NOTE: This assignment requires the use of the IDLE integrated development environment, unless you wish to spend a substantial amount of extra time, on your own, configuring your PyCharm or other IDE to use Tkinter. Reports of people who have tried to use Tkinter with other IDEs suggest that a lot of time can be wasted figuring out workarounds for different operating systems, Python versions, and IDE versions. Our advice is, if you already use IDLE, stick with it for this assignment, and if you don't already use IDLE, try it out for this assignment. It's easier to learn than almost any other other Python IDE. IDLE ships with the standard Python distribution from Python.Org, so it is probably already installed on your system. If you don't like IDLE for editing, you could possibly edit the code in another tool, and then reload it into IDLE to run it, but that would feel inconvenient for most of us. The particular MDPs we are working with in this assignment are variations of a "TOH World", meaning Towers-of-Hanoi World. We can think of an agent as trying to solve a TOH puzzle instance by wandering around in the state space that corresponds to that puzzle instance. If it solves the puzzle, it will get a big reward.
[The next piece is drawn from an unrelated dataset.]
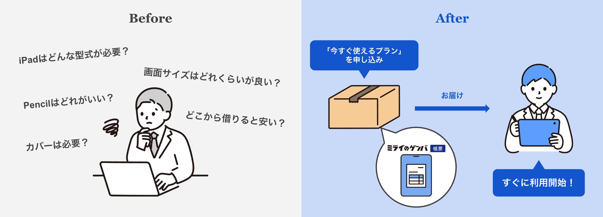 一方、ミライのゲンバ帳票を利用するためには、iPadをご利用企業側にて準備いただく必要がありました。その際、企業側でどのようなiPadやペンシルを用意したらいいか苦慮されるといった課題がありました。
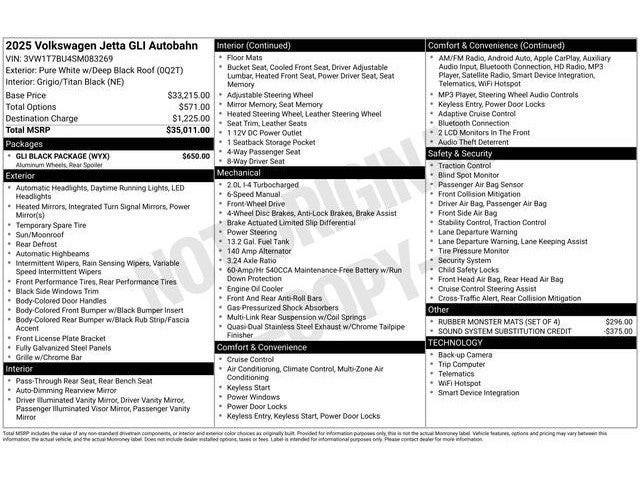 2025 Volkswagen Jetta GLI 2.0T Autobahn

Otherwise, it might get nothing, or perhaps a negative reward for wasting time. In Part A, the agent is allowed to know the transition model and reward function. In Part B (optional), the agent is not given that information, but has to learn it by exploring and seeing what states it can get to and how good they seem to be based on what rewards it can get and where states seem to lead to. |
Due Tuesday, May 21 via Canvas at 11:59 PM. |
What to Do.
Download the
starter code.
Start up the IDLE integrated development environment that
ships with the standard distribution of Python from Python.org.
In IDLE, open the file
TOH_MDP.py. Then, using the Run menu on this file's window, try running the starter code by
selecting "Run module F5".
This will start up a graphical user interface,
assuming that you are running the standard distribution of Python 3.6 or Python 3.7,
which includes the Tkinter user-interface technology.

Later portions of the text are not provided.